**Your assignment**
All that is wanted is the exact text of the lines below from the one with "園區(qū)內(nèi)的膜" through the one with "El Servicio Meteorológico", inclusive, minus any pictures.
[Opening Input material section]
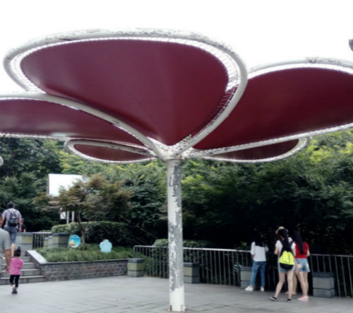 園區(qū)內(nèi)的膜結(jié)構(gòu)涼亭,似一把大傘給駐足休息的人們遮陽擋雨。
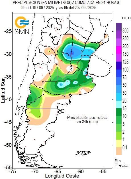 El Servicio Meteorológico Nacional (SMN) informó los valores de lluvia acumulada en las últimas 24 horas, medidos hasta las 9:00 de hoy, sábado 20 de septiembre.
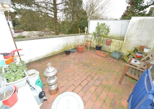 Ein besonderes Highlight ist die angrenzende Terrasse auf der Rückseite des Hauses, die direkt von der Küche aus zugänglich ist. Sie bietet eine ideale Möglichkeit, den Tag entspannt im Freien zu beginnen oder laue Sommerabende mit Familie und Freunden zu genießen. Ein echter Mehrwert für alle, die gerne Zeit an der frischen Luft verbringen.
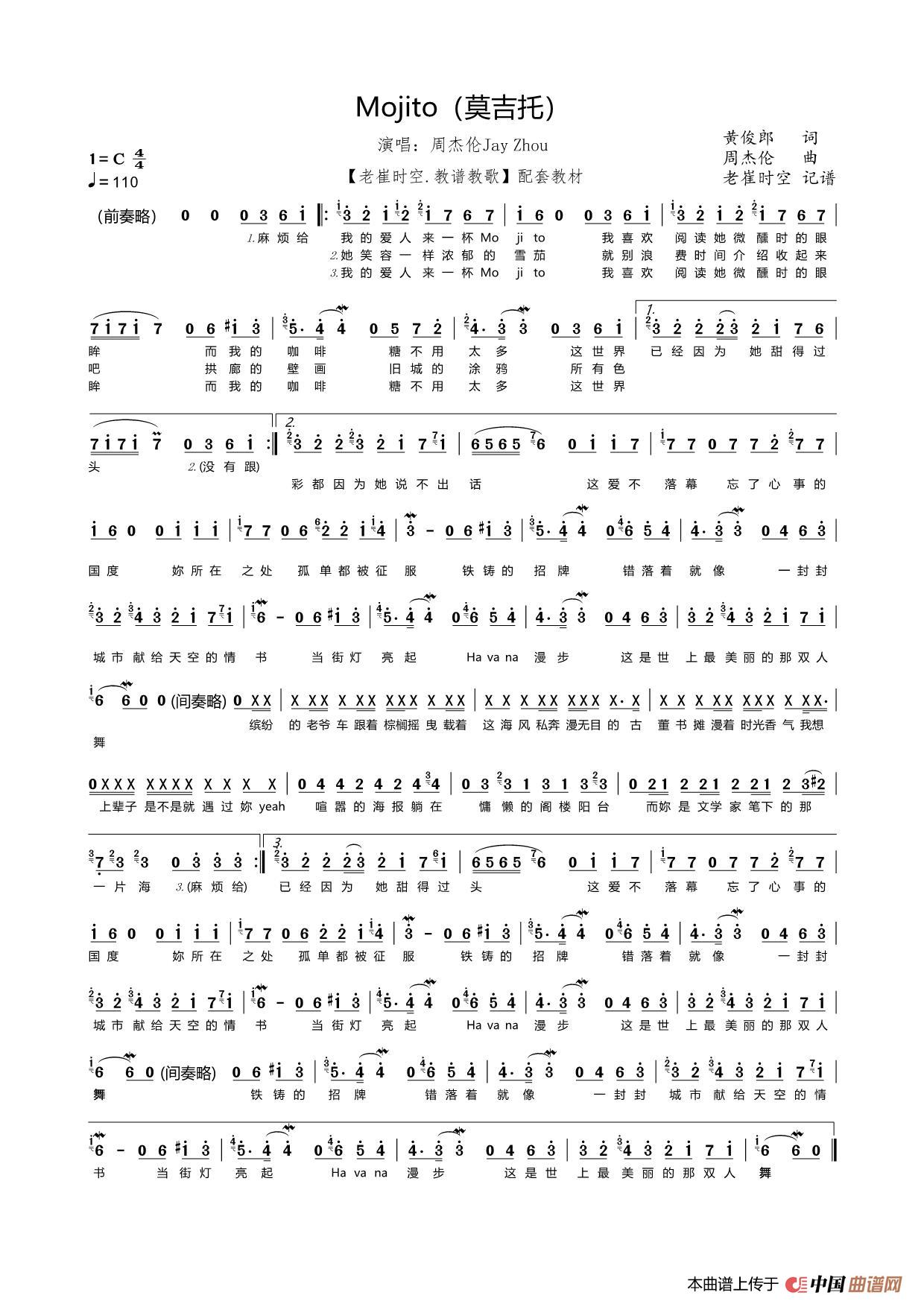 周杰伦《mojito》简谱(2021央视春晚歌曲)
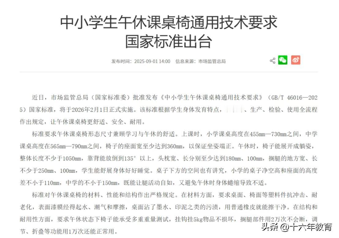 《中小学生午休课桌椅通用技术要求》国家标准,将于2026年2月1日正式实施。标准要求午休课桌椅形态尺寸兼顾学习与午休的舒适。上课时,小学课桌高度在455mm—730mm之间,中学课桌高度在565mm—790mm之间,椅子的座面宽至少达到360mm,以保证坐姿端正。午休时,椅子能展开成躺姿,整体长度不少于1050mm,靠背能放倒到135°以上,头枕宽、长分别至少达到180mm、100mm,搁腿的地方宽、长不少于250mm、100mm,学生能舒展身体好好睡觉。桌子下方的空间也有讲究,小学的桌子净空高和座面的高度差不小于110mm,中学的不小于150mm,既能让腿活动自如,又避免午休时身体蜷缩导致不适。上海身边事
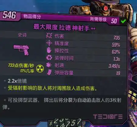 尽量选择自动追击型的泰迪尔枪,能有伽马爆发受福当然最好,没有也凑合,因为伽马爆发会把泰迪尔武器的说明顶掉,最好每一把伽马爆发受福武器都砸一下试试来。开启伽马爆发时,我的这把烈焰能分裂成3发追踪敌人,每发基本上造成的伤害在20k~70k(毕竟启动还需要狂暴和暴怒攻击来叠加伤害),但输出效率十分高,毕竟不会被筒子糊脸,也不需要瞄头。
[Closing Input material section]
[Opening Input material section]
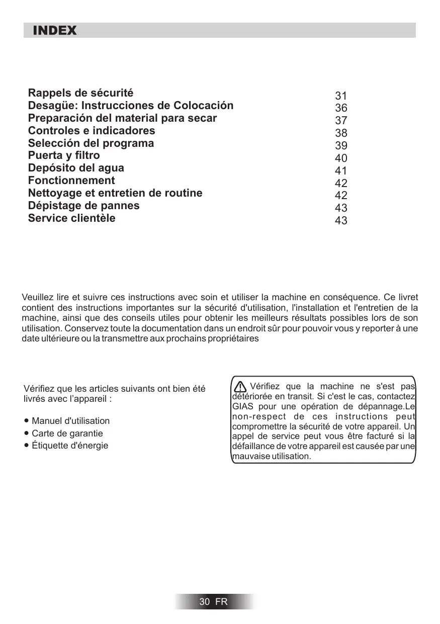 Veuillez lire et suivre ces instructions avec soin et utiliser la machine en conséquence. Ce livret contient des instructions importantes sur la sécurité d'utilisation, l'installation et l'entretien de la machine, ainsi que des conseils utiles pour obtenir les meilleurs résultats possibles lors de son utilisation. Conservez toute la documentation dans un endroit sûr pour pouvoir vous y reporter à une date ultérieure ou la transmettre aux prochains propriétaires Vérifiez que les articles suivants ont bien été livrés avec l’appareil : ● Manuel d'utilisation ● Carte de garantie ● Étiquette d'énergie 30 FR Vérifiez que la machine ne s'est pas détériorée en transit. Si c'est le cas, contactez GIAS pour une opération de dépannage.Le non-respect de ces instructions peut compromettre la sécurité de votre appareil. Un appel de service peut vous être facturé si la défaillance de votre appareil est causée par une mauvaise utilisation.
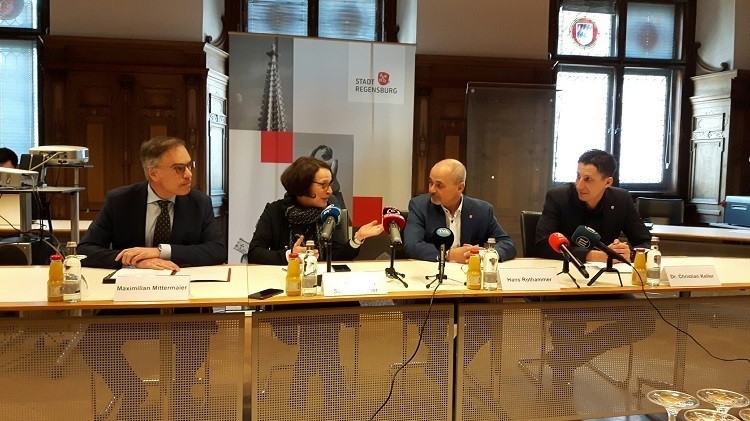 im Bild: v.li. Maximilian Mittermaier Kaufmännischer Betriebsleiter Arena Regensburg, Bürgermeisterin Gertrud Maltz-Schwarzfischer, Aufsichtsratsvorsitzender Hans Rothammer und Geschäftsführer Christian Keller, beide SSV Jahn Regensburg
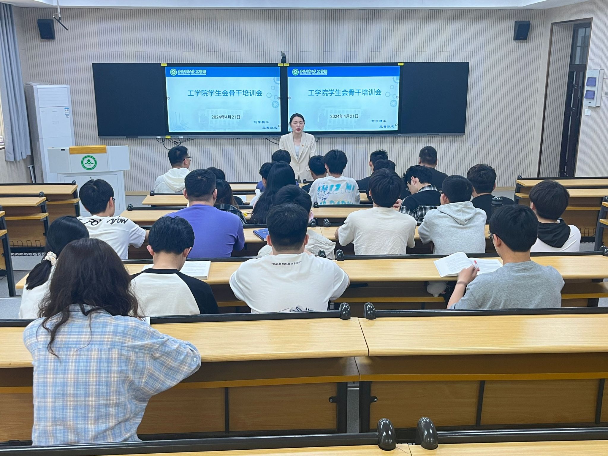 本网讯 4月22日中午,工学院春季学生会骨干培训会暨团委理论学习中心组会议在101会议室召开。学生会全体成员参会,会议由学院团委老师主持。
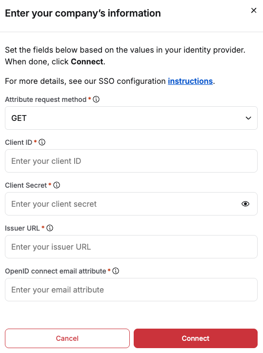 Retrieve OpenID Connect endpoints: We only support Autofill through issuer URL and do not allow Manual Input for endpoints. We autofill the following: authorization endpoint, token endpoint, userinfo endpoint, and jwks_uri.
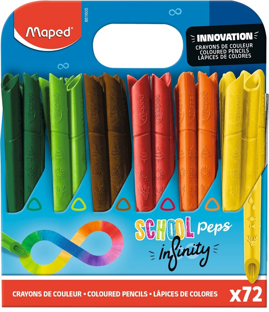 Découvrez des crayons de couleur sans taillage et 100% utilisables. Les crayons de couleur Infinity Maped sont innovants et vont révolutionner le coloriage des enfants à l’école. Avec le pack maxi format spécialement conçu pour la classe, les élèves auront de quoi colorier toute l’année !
[Closing Input material section]
[Opening Input material section]
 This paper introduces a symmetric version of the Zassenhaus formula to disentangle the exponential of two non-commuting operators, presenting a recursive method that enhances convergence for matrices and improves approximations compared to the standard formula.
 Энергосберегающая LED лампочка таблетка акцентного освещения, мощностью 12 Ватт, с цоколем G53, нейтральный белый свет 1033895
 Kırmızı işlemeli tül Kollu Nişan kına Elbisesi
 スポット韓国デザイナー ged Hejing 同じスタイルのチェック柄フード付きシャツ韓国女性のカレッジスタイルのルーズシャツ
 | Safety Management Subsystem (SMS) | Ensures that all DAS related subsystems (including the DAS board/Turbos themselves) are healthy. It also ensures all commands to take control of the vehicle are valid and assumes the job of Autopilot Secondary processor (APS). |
[Closing Input material section]
**Worked solution**
 園區(qū)內(nèi)的膜結(jié)構(gòu)涼亭,似一把大傘給駐足休息的人們遮陽擋雨。
 El Servicio Meteorológico Nacional (SMN) informó los valores de lluvia acumulada en las últimas 24 horas, medidos hasta las 9:00 de hoy, sábado 20 de septiembre.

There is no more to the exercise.